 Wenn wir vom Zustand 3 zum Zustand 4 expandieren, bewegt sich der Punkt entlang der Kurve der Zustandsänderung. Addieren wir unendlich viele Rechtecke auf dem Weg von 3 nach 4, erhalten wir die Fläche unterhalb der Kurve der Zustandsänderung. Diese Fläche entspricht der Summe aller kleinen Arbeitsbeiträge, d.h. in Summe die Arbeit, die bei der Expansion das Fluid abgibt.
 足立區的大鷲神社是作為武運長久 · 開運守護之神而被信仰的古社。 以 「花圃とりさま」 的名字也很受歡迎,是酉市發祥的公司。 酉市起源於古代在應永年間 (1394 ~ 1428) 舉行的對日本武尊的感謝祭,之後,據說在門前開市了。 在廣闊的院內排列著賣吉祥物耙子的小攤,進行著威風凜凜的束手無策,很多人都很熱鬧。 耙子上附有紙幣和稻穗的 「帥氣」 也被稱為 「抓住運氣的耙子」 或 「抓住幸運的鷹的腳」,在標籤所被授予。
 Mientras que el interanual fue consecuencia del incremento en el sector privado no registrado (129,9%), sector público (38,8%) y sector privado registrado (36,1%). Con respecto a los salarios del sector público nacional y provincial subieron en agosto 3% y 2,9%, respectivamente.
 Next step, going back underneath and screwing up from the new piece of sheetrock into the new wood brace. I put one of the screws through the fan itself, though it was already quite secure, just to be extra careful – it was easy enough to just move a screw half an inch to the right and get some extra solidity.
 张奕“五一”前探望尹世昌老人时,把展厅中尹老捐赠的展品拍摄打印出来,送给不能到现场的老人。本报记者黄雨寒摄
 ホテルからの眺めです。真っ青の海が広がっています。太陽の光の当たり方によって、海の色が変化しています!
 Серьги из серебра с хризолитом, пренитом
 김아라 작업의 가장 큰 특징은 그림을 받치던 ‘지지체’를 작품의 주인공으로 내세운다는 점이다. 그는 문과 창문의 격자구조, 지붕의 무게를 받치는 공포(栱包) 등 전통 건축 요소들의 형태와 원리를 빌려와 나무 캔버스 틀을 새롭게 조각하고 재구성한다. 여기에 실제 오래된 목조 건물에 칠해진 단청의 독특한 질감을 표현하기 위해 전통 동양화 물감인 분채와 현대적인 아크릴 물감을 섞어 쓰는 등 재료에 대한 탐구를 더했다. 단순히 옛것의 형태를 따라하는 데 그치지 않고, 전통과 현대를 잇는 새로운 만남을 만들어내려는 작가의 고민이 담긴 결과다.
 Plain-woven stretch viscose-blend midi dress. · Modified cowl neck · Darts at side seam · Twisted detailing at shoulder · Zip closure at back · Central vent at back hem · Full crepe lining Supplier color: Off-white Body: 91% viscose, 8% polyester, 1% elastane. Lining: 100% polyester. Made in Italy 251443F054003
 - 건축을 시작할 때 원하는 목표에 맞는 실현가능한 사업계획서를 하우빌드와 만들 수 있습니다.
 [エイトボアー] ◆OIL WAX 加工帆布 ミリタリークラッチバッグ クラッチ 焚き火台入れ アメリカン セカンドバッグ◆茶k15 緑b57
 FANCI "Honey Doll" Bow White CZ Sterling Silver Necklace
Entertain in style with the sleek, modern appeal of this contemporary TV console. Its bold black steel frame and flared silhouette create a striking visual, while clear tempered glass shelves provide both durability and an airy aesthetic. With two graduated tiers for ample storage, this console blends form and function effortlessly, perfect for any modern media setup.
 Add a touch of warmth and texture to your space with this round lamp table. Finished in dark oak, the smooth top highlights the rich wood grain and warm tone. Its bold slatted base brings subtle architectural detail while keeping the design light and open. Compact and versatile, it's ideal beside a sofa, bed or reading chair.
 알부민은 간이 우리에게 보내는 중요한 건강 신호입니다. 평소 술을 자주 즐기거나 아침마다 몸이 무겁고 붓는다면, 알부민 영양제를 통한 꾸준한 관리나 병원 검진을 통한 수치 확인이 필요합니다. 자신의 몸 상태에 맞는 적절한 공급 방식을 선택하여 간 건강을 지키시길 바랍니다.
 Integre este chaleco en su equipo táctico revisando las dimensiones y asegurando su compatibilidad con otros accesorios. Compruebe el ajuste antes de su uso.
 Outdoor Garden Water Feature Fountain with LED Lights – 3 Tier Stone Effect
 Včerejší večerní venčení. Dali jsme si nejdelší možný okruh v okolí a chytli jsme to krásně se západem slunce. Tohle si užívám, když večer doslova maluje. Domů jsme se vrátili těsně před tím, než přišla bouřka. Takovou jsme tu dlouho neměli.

......

▶ **What you are asked to do**: Go through the listing above and pull out each line containing the word "while".

▶ **Solution to this exercise**:
Entertain in style with the sleek, modern appeal of this contemporary TV console. Its bold black steel frame and flared silhouette create a striking visual, while clear tempered glass shelves provide both durability and an airy aesthetic. With two graduated tiers for ample storage, this console blends form and function effortlessly, perfect for any modern media setup.
 Add a touch of warmth and texture to your space with this round lamp table. Finished in dark oak, the smooth top highlights the rich wood grain and warm tone. Its bold slatted base brings subtle architectural detail while keeping the design light and open. Compact and versatile, it's ideal beside a sofa, bed or reading chair.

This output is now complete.